There Is a Sculpture on the Moon Commemorating Fallen Astronauts

In 1971, the crew of Apollo 15 placed a 3 inch “fallen astronaut” statue on the surface of the moon to commemorate all the astronauts who died in pursuit of space travel. An accompanying plaque bears the names of the 14 astronauts who had lost their lives till then.
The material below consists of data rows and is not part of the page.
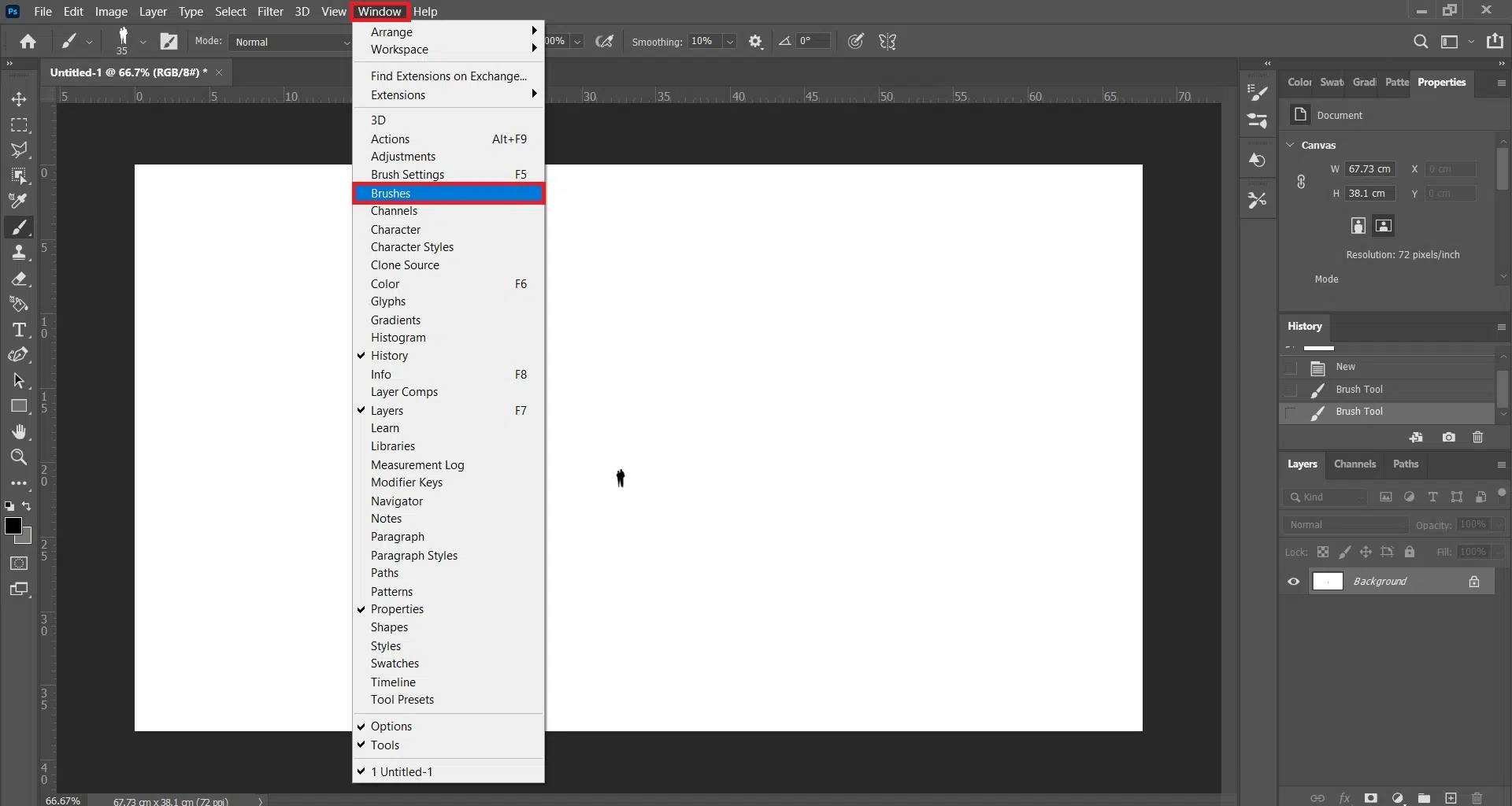 در نوار ابزار بالا در زیر مجموعه window گزینه brush را انتخاب کنید تا پنجره ای برای شما باز شود.
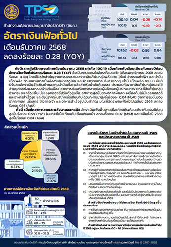 นายนันทพงษ์ จิระเลิศพงษ์ ผู้อำนวยการสำนักงานนโยบายและยุทธศาสตร์การค้า (ผอ.สนค.) โฆษกกระทรวงพาณิชย์ เผยว่า ดัชนีราคาผู้บริโภคทั่วไปของไทย เดือนธันวาคม 2568 เท่ากับ 100.19 เมื่อเทียบกับเดือนธันวาคม 2567 ซึ่งเท่ากับ 100.47 ทำให้อัตราเงินเฟ้อทั่วไปลดลงร้อยละ 0.28 (YoY) เป็นการลดลงในอัตราที่ชะลอตัว (เดือนพฤศจิกายน 2568 ลดลงร้อยละ 0.49) โดยมีปัจจัยสำคัญจากการลดลงของราคาสินค้าในกลุ่มพลังงาน ได้แก่ ค่ากระแสไฟฟ้า และน้ำมันเชื้อเพลิง ตามสถานการณ์พลังงานในตลาดโลก รวมถึงมติของคณะกรรมการบริหารกองทุนน้ำมันเชื้อเพลิง (กบน.) ในการปรับลดอัตราเงินจัดเก็บเข้ากองทุนน้ำมันเชื้อเพลิงสำหรับน้ำมันดีเซล ประกอบกับราคาสินค้าในกลุ่มของใช้ส่วนบุคคลยังปรับลดลงอย่างต่อเนื่อง จากการส่งเสริมการตลาดของผู้ผลิตและผู้ประกอบการ อย่างไรก็ตาม ราคาสินค้าในกลุ่มอาหาร และเครื่องดื่มไม่มีแอลกอฮอล์ปรับตัวสูงขึ้น จากการสูงขึ้นของราคาผักสด เครื่องดื่มไม่มีแอลกอฮอล์ และอาหารสำเร็จรูป สำหรับราคาสินค้าและบริการอื่นๆ ส่งผลกระทบต่อภาวะเงินเฟ้อไม่มากนัก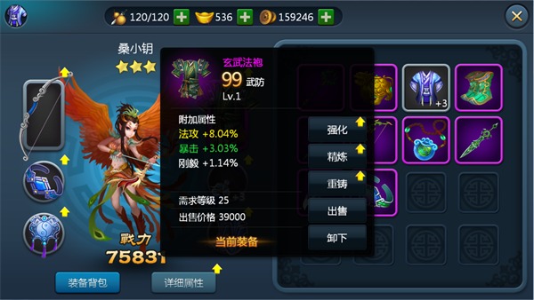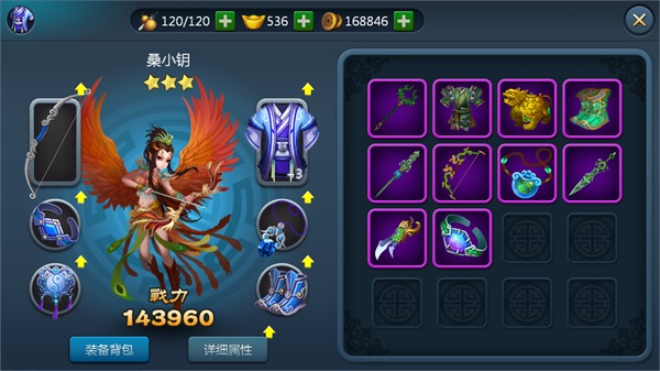 每个伙伴拥有6个装备部位,从左至右,从上到下,依次为武器、法袍、戒指、项链、奇物、战靴。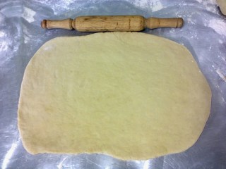 Shape your dough into a rectangle using a rolling pin - For the filling: put the sugar and cinnamon in small bowl and mix thoroughly.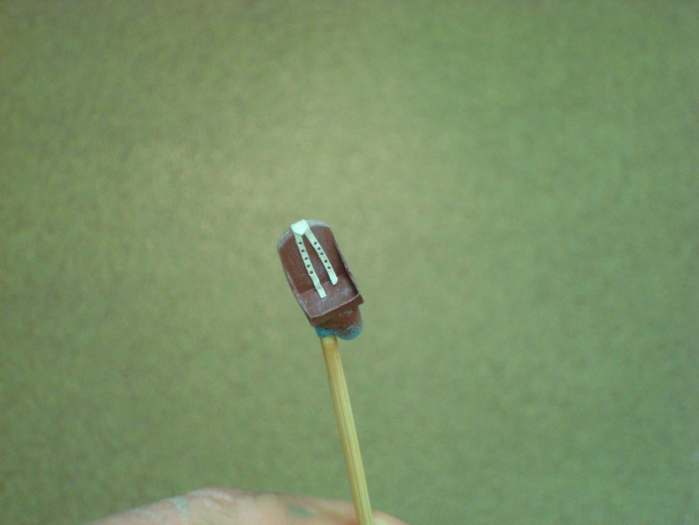 I launched the stick into space, so I had to cobble up another. things were painted and some placard rejects Cliff gave me were added (thanks Cliff)

In her book Artifacts of Flight, NASA art curator Carolyn Russo writes: “On Apollo 15, the fourth mission to land on the Moon, astronauts David Scott and James Irwin left a memorial on the lunar surface as a tribute to the heroic men of the U.S. and Soviet space programs who had risked and lost their lives.” This small memorial figure, fittingly Space Age in design, was created by Belgian artist Paul Van Hoeydonck. “As the final act of the third extravehicular activity on August 2, 1971, they placed a sculpture depicting a ‘fallen astronaut’ in the lunar soil at the Hadley-Apennine landing site,” Russo writes.

The figurine was placed without fanfare—in fact the public wasn’t even told it was up there until the launch of Apollo 16 almost a year later. It rests in an open grave of moon dust alongside a plaque bearing the names of 14 men, Soviet and American, who died in the course of their respective nations’ space programs, including Gus Grissom and Yuri Gagarin. Notably, three names are missing: two cosmonauts whose deaths were obscured by the secrecy of the Soviet space program, and Robert Henry Lawrence Jr., who had been trained to be the first black American astronaut and died in a training flight. That said, Fallen Astronaut was designed to be ethnic-, race-, and gender-neutral. The sculpture was also designed to be lightweight enough for easy transit, but sturdy enough to stay put on the celestial body it calls home.